- **ABOUT THIS EXERCISE**
Take the lines below from the one with "P50-SF10,P50-P" through the one with "The first part" and retype them exactly. Include nothing else, and no pictures.

- **STORED DATA**
────────

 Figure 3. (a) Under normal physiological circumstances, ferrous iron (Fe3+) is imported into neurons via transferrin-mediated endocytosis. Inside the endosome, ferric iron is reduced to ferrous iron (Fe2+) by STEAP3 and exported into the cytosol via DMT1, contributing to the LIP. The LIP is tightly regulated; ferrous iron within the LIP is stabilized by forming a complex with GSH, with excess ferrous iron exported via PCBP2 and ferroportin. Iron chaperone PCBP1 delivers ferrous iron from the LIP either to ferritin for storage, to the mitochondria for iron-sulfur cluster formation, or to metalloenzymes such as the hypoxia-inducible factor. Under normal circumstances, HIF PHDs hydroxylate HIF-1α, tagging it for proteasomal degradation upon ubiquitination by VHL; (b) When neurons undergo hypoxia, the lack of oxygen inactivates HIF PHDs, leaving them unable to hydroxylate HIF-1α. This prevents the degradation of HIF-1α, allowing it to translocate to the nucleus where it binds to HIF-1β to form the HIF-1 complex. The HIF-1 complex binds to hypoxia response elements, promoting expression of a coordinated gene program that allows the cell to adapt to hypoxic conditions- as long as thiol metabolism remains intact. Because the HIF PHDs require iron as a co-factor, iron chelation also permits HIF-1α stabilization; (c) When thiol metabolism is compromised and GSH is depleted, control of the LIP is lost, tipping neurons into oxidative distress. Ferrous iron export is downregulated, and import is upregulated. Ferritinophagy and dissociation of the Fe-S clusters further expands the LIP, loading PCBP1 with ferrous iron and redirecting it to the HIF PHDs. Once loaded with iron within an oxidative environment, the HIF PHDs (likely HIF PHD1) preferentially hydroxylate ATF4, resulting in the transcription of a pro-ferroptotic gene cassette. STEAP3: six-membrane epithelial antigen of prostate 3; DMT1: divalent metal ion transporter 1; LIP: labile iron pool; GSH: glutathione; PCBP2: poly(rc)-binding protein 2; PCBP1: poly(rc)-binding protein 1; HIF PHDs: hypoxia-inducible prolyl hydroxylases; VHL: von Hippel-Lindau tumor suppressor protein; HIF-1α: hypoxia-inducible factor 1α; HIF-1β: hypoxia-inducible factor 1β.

────────

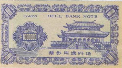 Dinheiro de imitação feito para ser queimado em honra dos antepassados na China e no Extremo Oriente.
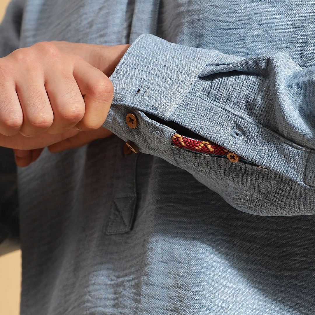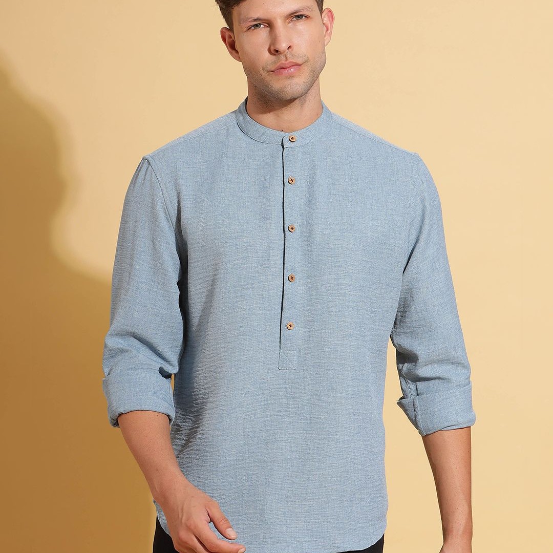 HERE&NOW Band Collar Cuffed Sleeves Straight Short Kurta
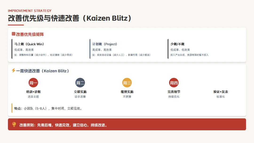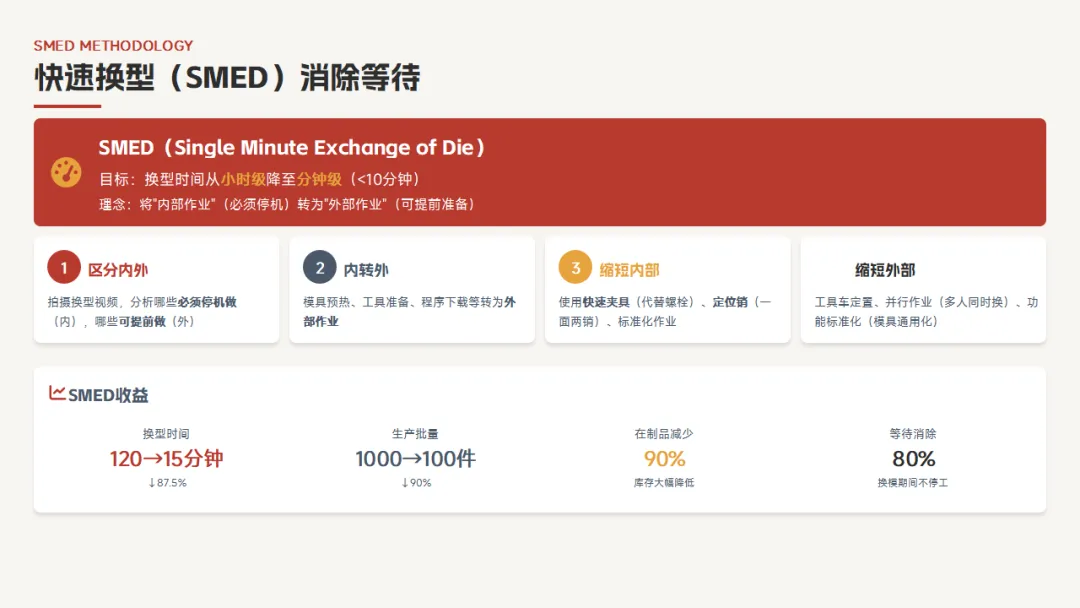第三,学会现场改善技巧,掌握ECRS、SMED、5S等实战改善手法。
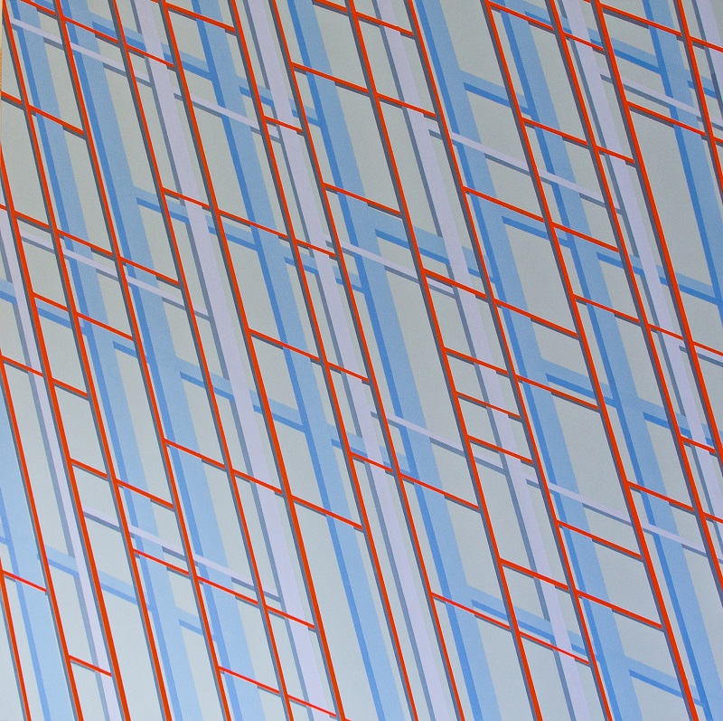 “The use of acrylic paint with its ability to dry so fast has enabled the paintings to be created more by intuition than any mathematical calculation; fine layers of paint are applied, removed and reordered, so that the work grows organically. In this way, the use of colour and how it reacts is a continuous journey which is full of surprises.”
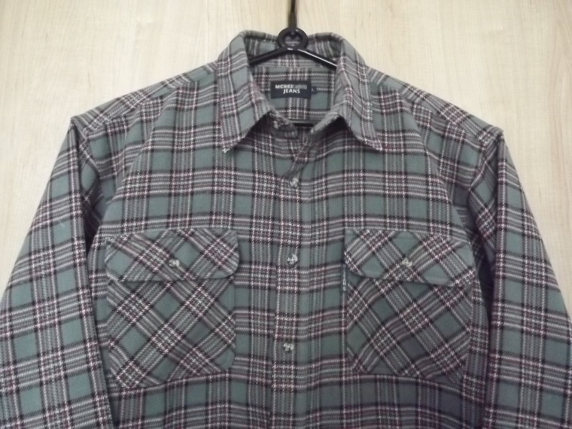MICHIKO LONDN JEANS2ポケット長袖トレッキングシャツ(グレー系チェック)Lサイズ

────────

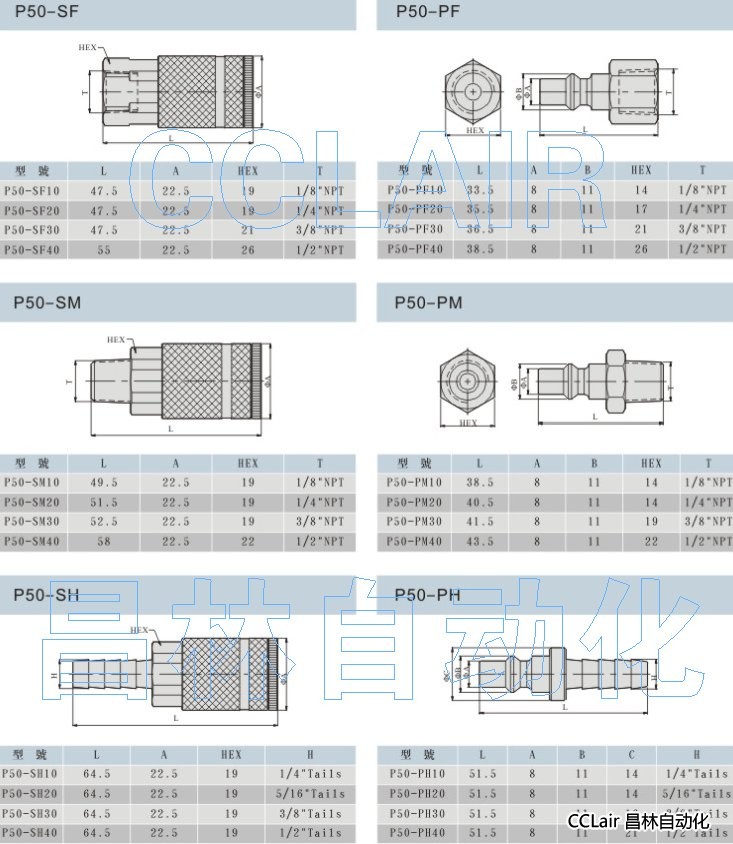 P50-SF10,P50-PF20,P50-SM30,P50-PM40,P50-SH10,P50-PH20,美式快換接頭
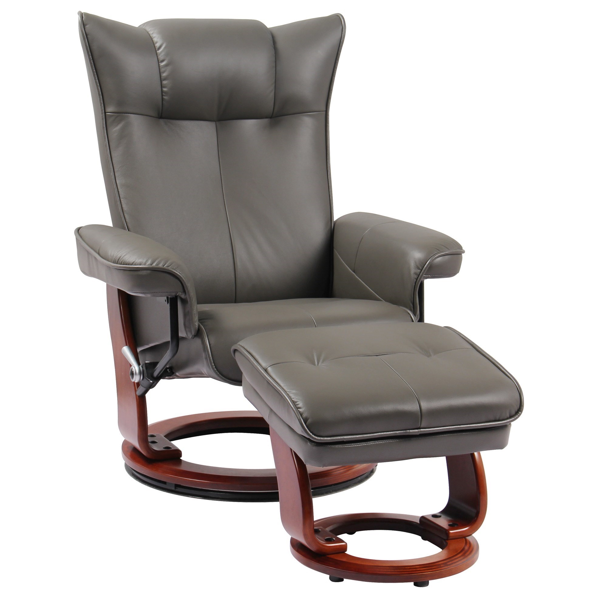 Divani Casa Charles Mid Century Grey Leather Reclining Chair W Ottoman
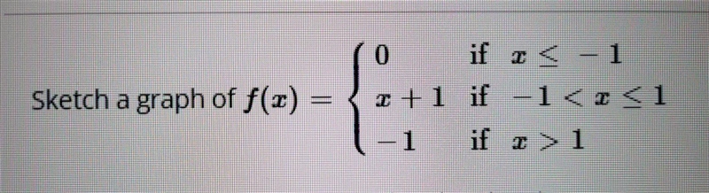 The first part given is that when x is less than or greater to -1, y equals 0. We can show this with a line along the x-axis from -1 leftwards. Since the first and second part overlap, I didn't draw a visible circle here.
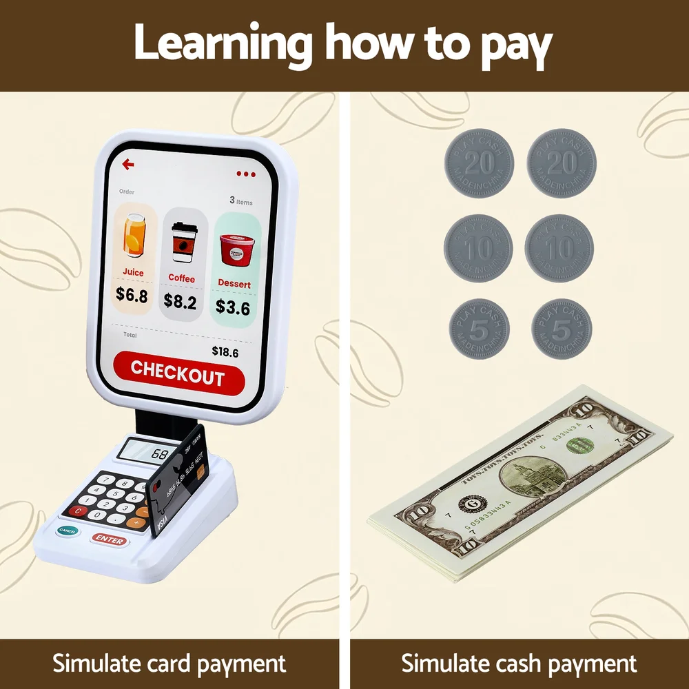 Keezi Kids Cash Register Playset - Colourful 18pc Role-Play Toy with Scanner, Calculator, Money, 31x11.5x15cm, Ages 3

────────

- **ANSWER**
 P50-SF10,P50-PF20,P50-SM30,P50-PM40,P50-SH10,P50-PH20,美式快換接頭
 Divani Casa Charles Mid Century Grey Leather Reclining Chair W Ottoman
 The first part given is that when x is less than or greater to -1, y equals 0. We can show this with a line along the x-axis from -1 leftwards. Since the first and second part overlap, I didn't draw a visible circle here.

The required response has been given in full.